■ **What you have to do**:
From the first line to the last, retype the records exactly without their images.

■ **Raw data**:

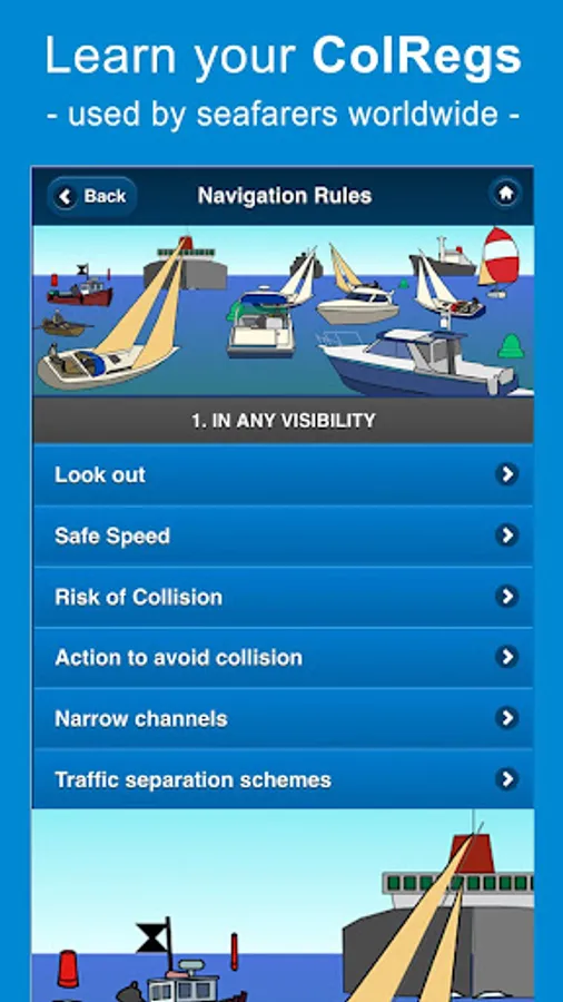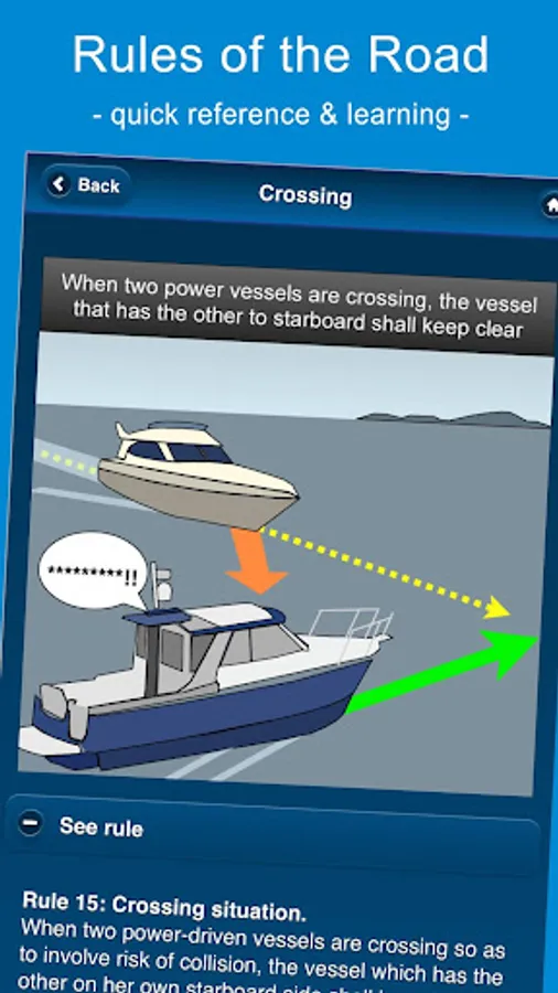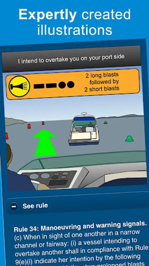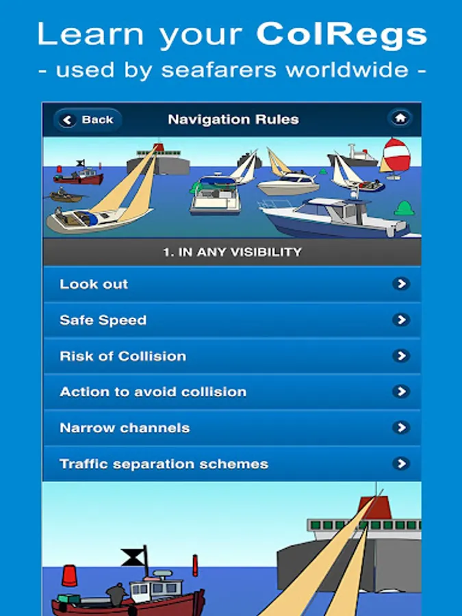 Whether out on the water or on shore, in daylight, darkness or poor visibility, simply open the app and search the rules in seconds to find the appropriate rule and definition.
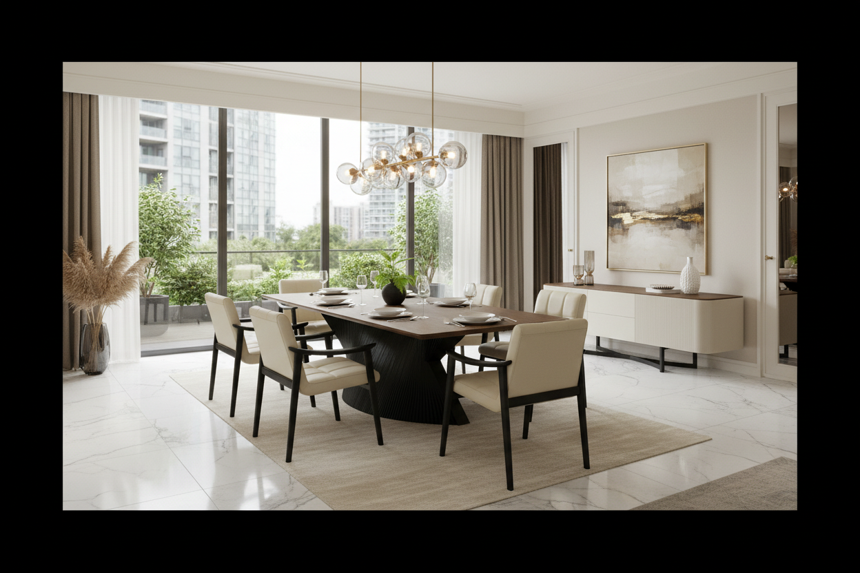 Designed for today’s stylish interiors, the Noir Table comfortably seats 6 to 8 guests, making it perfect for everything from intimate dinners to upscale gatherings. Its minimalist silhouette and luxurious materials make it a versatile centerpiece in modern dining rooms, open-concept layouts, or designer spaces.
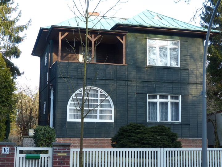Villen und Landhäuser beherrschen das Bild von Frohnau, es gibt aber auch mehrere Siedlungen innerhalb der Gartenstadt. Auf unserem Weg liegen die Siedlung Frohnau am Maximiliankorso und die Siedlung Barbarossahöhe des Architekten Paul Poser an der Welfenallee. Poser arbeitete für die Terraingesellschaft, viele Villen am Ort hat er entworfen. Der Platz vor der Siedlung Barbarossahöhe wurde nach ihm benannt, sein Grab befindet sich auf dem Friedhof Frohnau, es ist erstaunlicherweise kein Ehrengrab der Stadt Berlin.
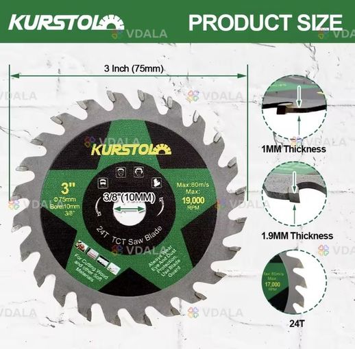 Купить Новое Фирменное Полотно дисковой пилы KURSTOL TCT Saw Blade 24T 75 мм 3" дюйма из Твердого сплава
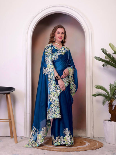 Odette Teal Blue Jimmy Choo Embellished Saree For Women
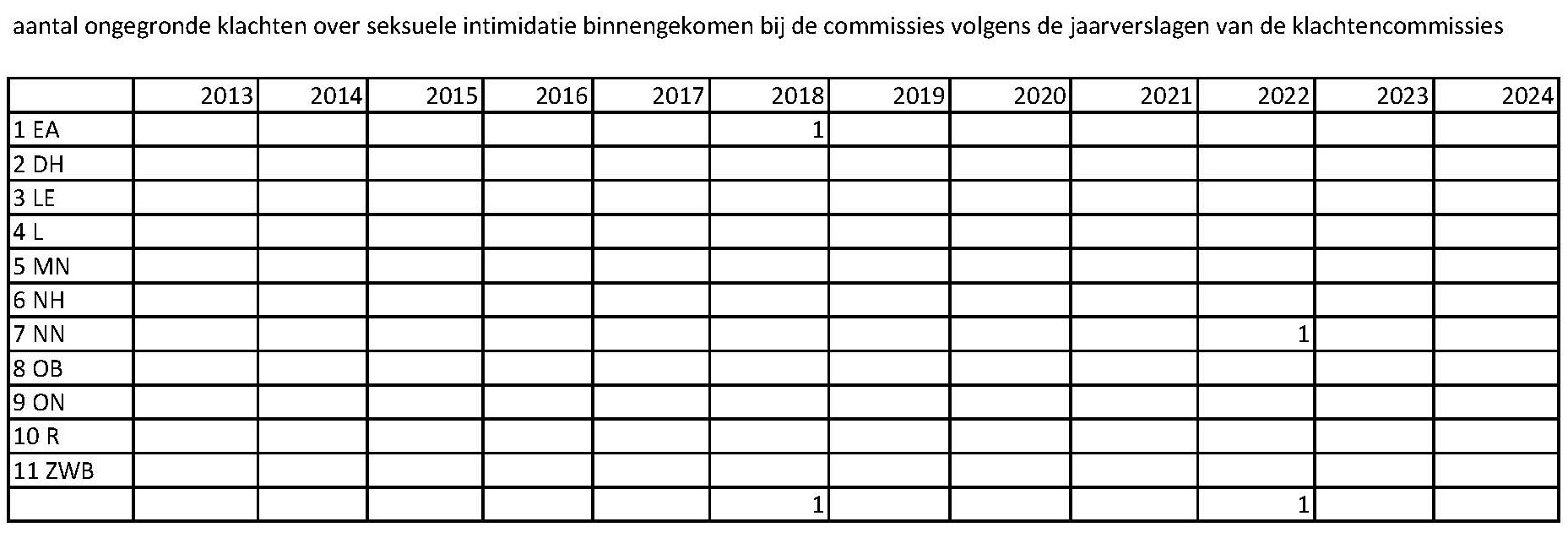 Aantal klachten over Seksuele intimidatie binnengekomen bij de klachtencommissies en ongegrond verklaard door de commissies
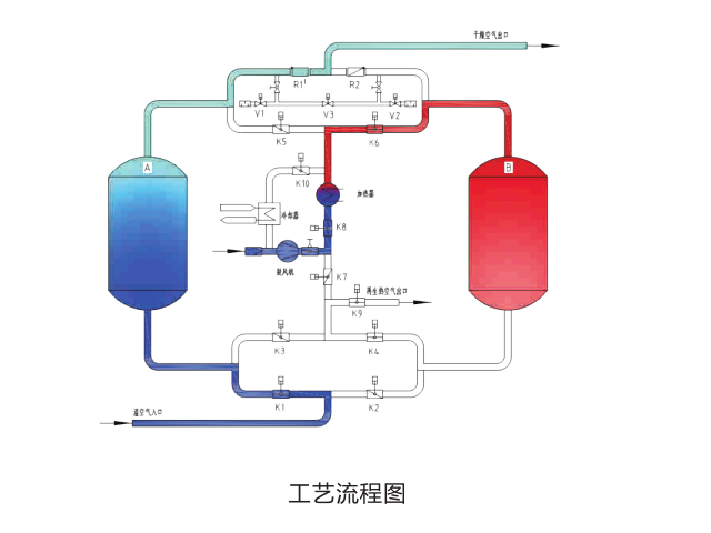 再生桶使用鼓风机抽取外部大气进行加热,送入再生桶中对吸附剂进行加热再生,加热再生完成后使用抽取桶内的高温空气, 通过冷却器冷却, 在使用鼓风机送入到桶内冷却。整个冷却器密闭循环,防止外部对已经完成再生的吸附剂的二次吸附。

■ **Your response**:
 Whether out on the water or on shore, in daylight, darkness or poor visibility, simply open the app and search the rules in seconds to find the appropriate rule and definition.
 Designed for today’s stylish interiors, the Noir Table comfortably seats 6 to 8 guests, making it perfect for everything from intimate dinners to upscale gatherings. Its minimalist silhouette and luxurious materials make it a versatile centerpiece in modern dining rooms, open-concept layouts, or designer spaces.
Villen und Landhäuser beherrschen das Bild von Frohnau, es gibt aber auch mehrere Siedlungen innerhalb der Gartenstadt. Auf unserem Weg liegen die Siedlung Frohnau am Maximiliankorso und die Siedlung Barbarossahöhe des Architekten Paul Poser an der Welfenallee. Poser arbeitete für die Terraingesellschaft, viele Villen am Ort hat er entworfen. Der Platz vor der Siedlung Barbarossahöhe wurde nach ihm benannt, sein Grab befindet sich auf dem Friedhof Frohnau, es ist erstaunlicherweise kein Ehrengrab der Stadt Berlin.
 Купить Новое Фирменное Полотно дисковой пилы KURSTOL TCT Saw Blade 24T 75 мм 3" дюйма из Твердого сплава
 Odette Teal Blue Jimmy Choo Embellished Saree For Women
 Aantal klachten over Seksuele intimidatie binnengekomen bij de klachtencommissies en ongegrond verklaard door de commissies
 再生桶使用鼓风机抽取外部大气进行加热,送入再生桶中对吸附剂进行加热再生,加热再生完成后使用抽取桶内的高温空气, 通过冷却器冷却, 在使用鼓风机送入到桶内冷却。整个冷却器密闭循环,防止外部对已经完成再生的吸附剂的二次吸附。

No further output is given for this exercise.